** What needs to be done **
Return all of the data exactly as written, without the pictures.

** Task data **
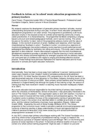 | Additional information | Carol Timson, 'Feedback in Action: An "in-school" music education programme for primary teachers', LINK, Vol. 3 (1), July 2017, available online at http://www.herts.ac.uk/link. Carol Timson- is Programme Leader MSc in Practice Based Research, Professional Lead Foundation Subjects, Senior Lecturer in Music Education, School of Education, University of Hertfordshire. |
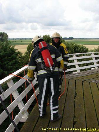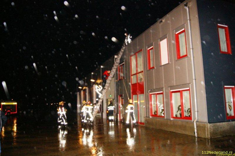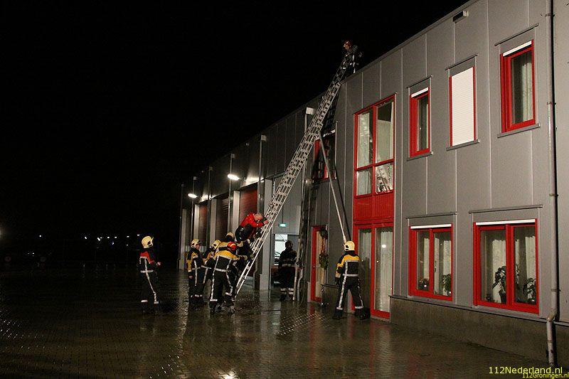 Zuidbroek - Een man heeft zondagavond bij een bedrijf annex woning aan de Beneluxweg in Zuidbroek enige tijd vastgezeten op het dak.
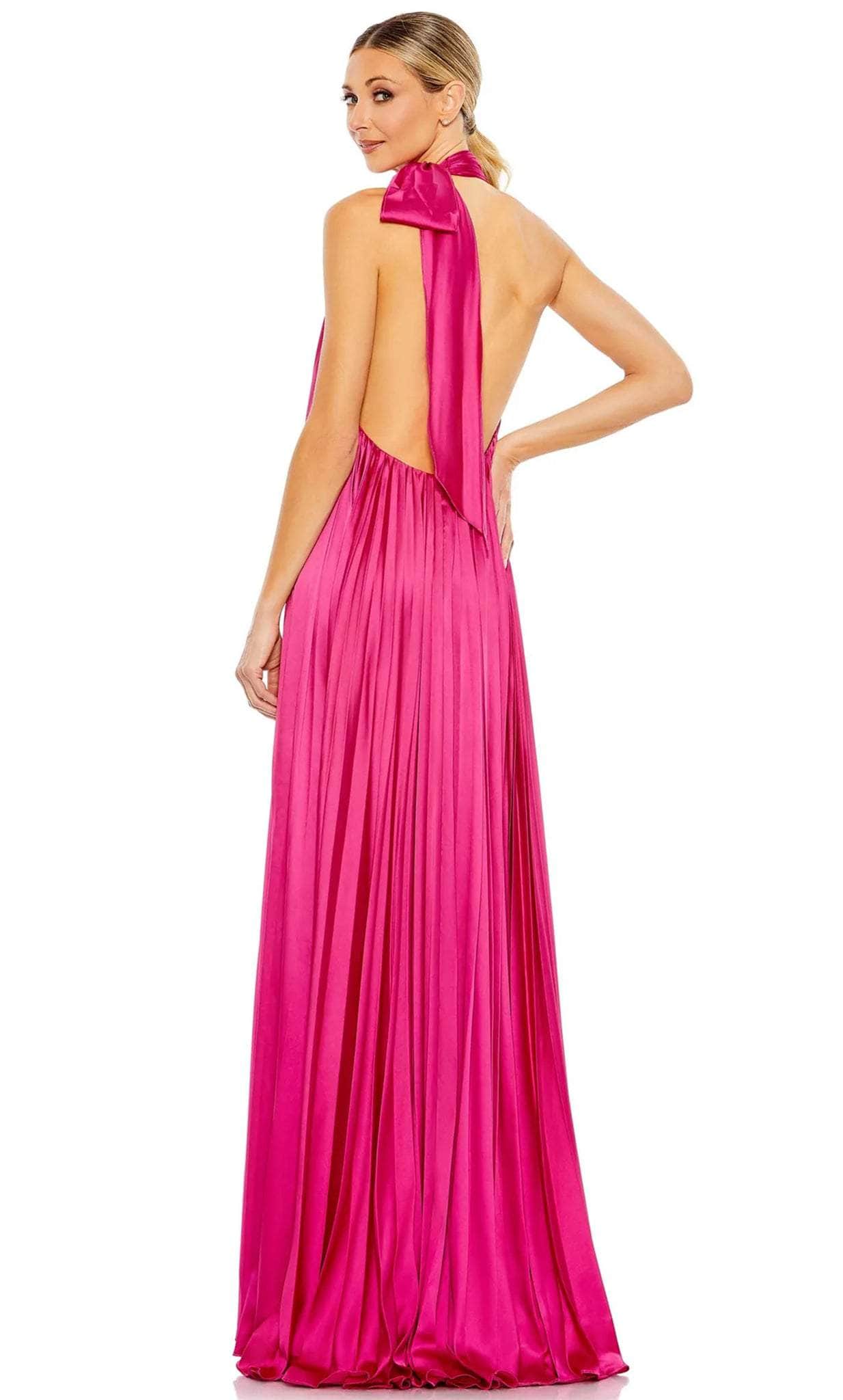 In this stunning Ieena Duggal 26926, you can attend any party with the panache of a diva. A sleeveless gown tailored in satin fabric, this winning piece has a halter neckline detailed with a soft tie that brings an elegant touch. The open back is secured with a center zipper closure while the skirt parades in an A-line silhouette cascading into the floor. Show off your fashionable side in this Ieena Duggal 26926 masterpiece. Models are wearing Pink and Spring Green colors.
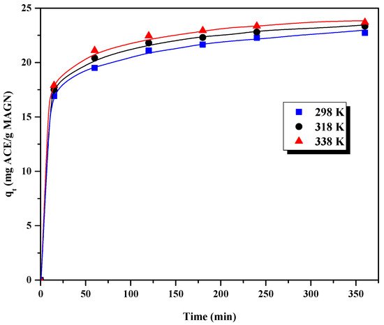 ACE adsorption kinetics on MAC at different temperatures are collected in Figure 12. The adsorption process is very fast regardless of the adsorption temperature in the range studied. The adsorption capacity increases slightly with the temperature, suggesting an adsorption process of endothermic nature.
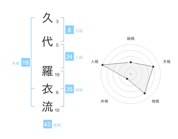 久代 羅衣流さんを姓名の画数から五運を鑑定
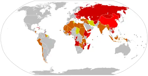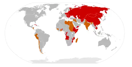Countries which once had overtly Marxist–Leninist governments in bright red and countries the USSR considered at one point to be "moving toward socialism" in orange
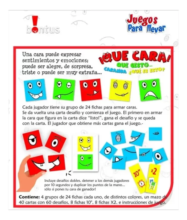 Contiene: 4 grupos de 24 fichas cada uno, de distintos colores, un mazo de 40 cartas con 60 desafíos, 8 fichas de 10", 8 fichas X 2, e instrucciones de juego.
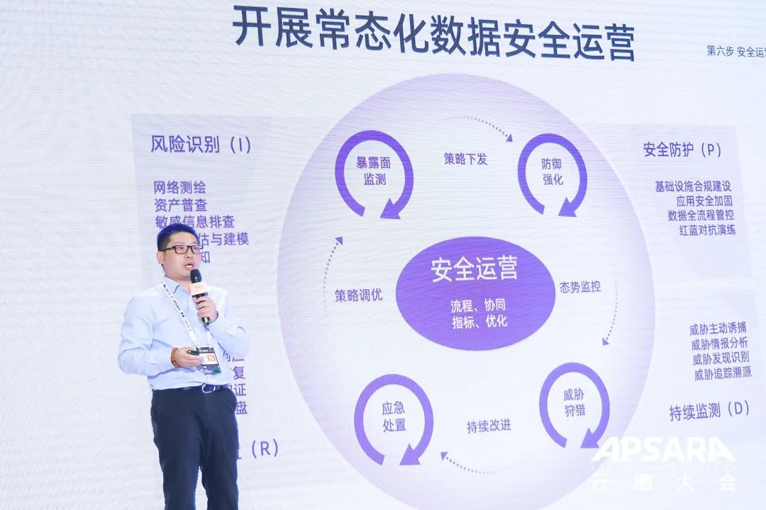 他在发言中提出:数据安全合规治理的应分六步走的思路,通过PDCA循环,持续优化安全策略、扩展业务场景,让安全更好地赋能业务。伴随数据的采集、传输、存储、处理、交换等等场景。
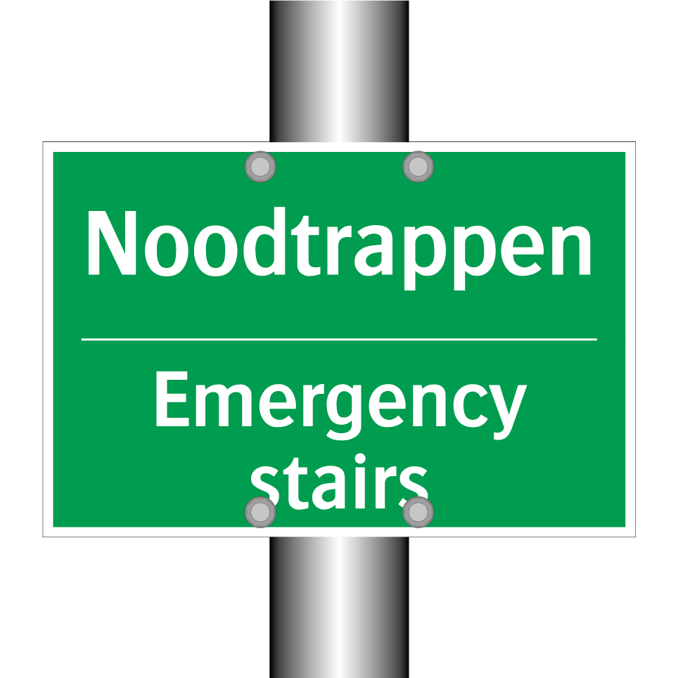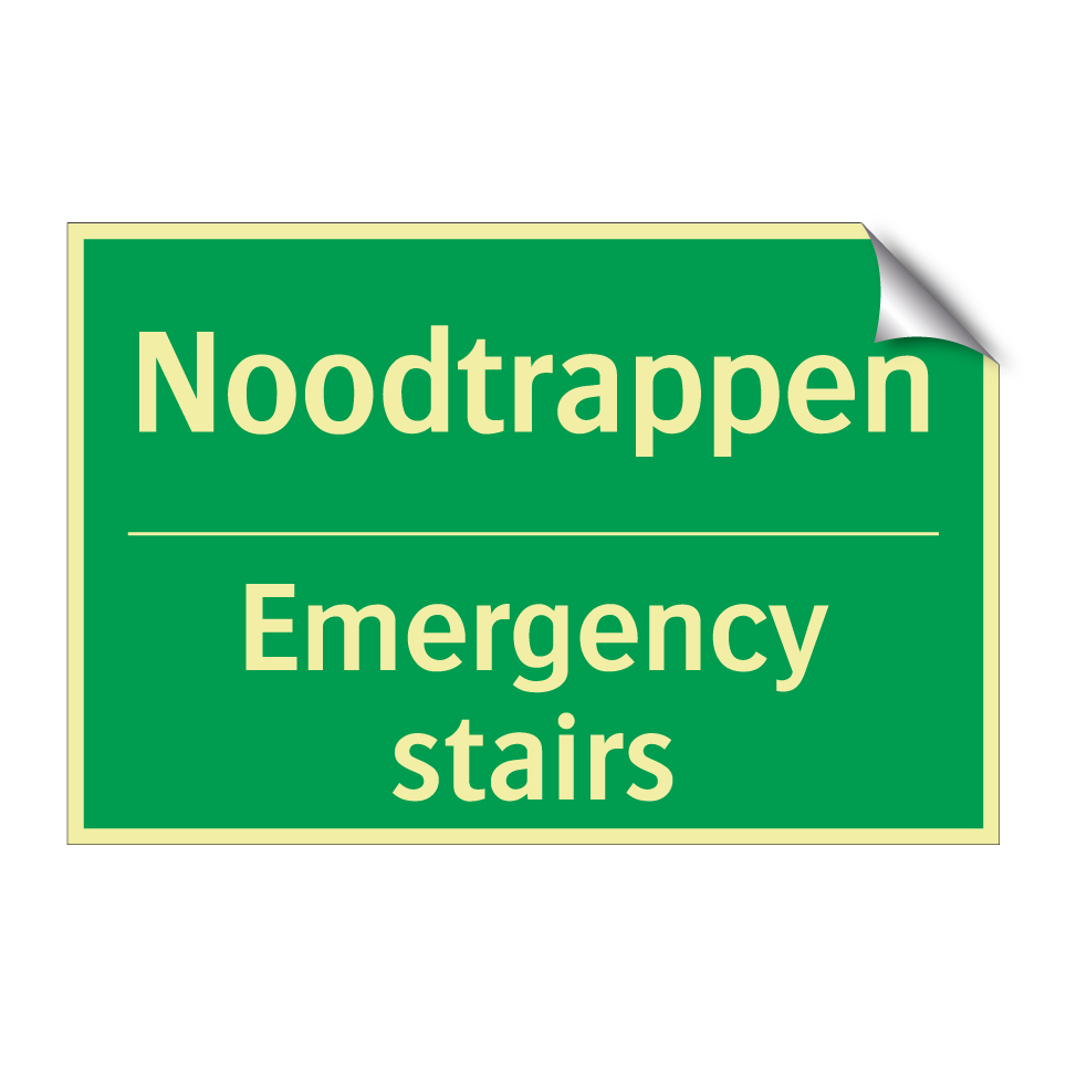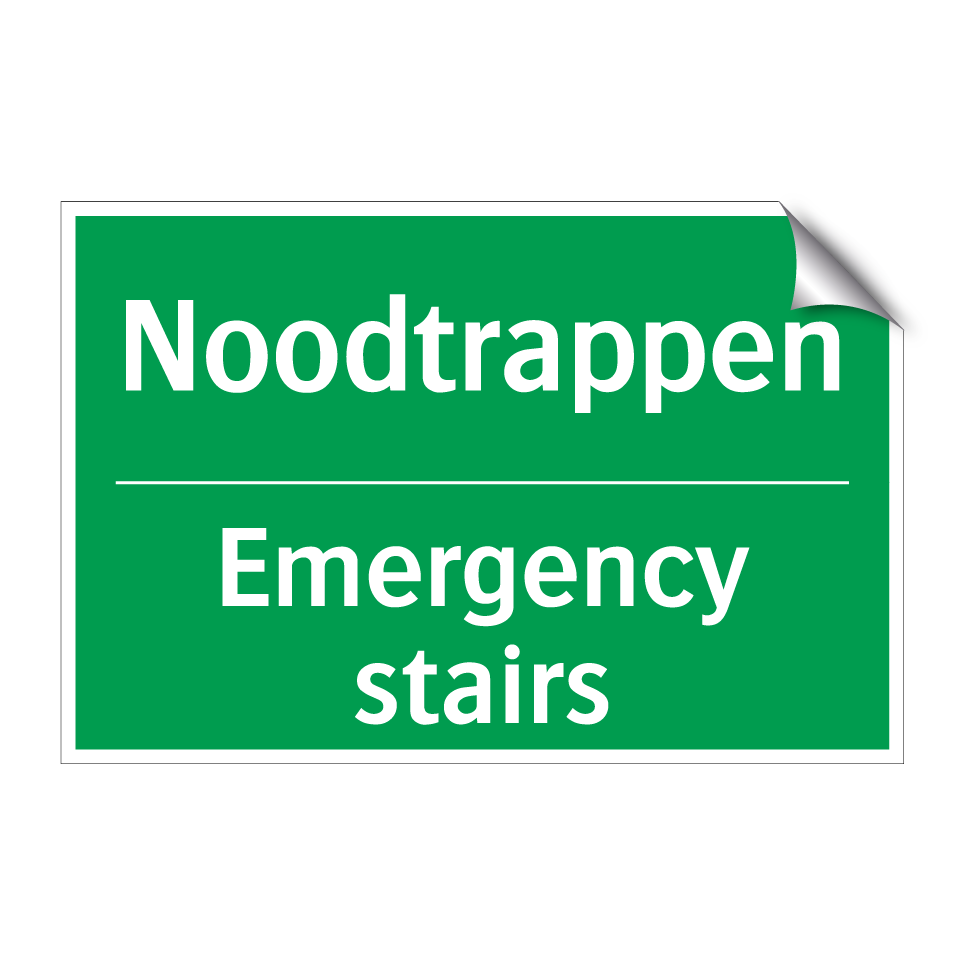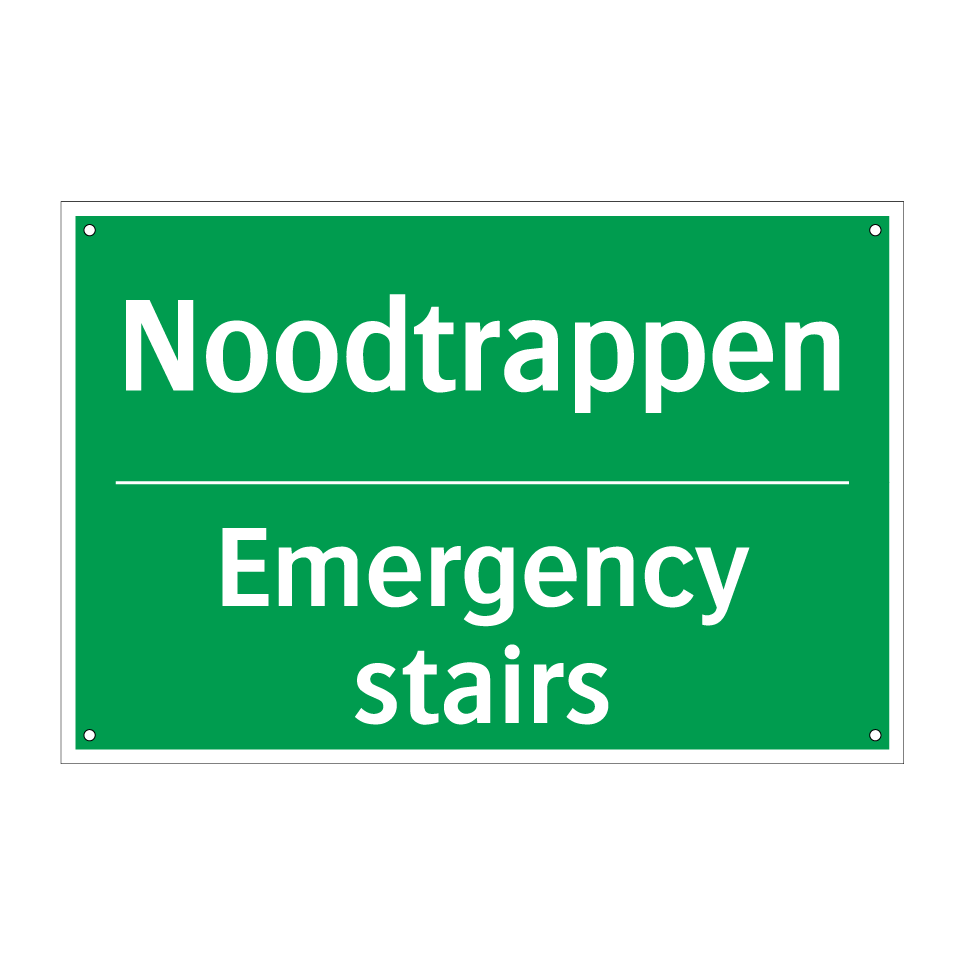 Dit noodbord is essentieel voor de veiligheid in noodsituaties. De groene achtergrond met witte tekst zorgt voor een duidelijke zichtbaarheid, zelfs van een afstand. Deze tweetalige noodbord, met tekst in zowel Nederlands als Engels, is ideaal voor internationale omgevingen zoals kantoren, hotels, en openbare gebouwen. Het bord wijst de weg naar de noodtrappen, wat cruciaal is tijdens een evacuatie. Plaats dit noodbord bij trappenhuizen, gangen en andere strategische locaties om ervoor te zorgen dat iedereen snel en veilig de nooduitgang kan vinden. De tweetalige tekst verhoogt de toegankelijkheid en zorgt ervoor dat zowel Nederlandstalige als Engelstalige personen de instructies begrijpen.

** Exercise answer **
 | Additional information | Carol Timson, 'Feedback in Action: An "in-school" music education programme for primary teachers', LINK, Vol. 3 (1), July 2017, available online at http://www.herts.ac.uk/link. Carol Timson- is Programme Leader MSc in Practice Based Research, Professional Lead Foundation Subjects, Senior Lecturer in Music Education, School of Education, University of Hertfordshire. |
 Zuidbroek - Een man heeft zondagavond bij een bedrijf annex woning aan de Beneluxweg in Zuidbroek enige tijd vastgezeten op het dak.
 In this stunning Ieena Duggal 26926, you can attend any party with the panache of a diva. A sleeveless gown tailored in satin fabric, this winning piece has a halter neckline detailed with a soft tie that brings an elegant touch. The open back is secured with a center zipper closure while the skirt parades in an A-line silhouette cascading into the floor. Show off your fashionable side in this Ieena Duggal 26926 masterpiece. Models are wearing Pink and Spring Green colors.
 ACE adsorption kinetics on MAC at different temperatures are collected in Figure 12. The adsorption process is very fast regardless of the adsorption temperature in the range studied. The adsorption capacity increases slightly with the temperature, suggesting an adsorption process of endothermic nature.
 久代 羅衣流さんを姓名の画数から五運を鑑定
Countries which once had overtly Marxist–Leninist governments in bright red and countries the USSR considered at one point to be "moving toward socialism" in orange
 Contiene: 4 grupos de 24 fichas cada uno, de distintos colores, un mazo de 40 cartas con 60 desafíos, 8 fichas de 10", 8 fichas X 2, e instrucciones de juego.
 他在发言中提出:数据安全合规治理的应分六步走的思路,通过PDCA循环,持续优化安全策略、扩展业务场景,让安全更好地赋能业务。伴随数据的采集、传输、存储、处理、交换等等场景。
 Dit noodbord is essentieel voor de veiligheid in noodsituaties. De groene achtergrond met witte tekst zorgt voor een duidelijke zichtbaarheid, zelfs van een afstand. Deze tweetalige noodbord, met tekst in zowel Nederlands als Engels, is ideaal voor internationale omgevingen zoals kantoren, hotels, en openbare gebouwen. Het bord wijst de weg naar de noodtrappen, wat cruciaal is tijdens een evacuatie. Plaats dit noodbord bij trappenhuizen, gangen en andere strategische locaties om ervoor te zorgen dat iedereen snel en veilig de nooduitgang kan vinden. De tweetalige tekst verhoogt de toegankelijkheid en zorgt ervoor dat zowel Nederlandstalige als Engelstalige personen de instructies begrijpen.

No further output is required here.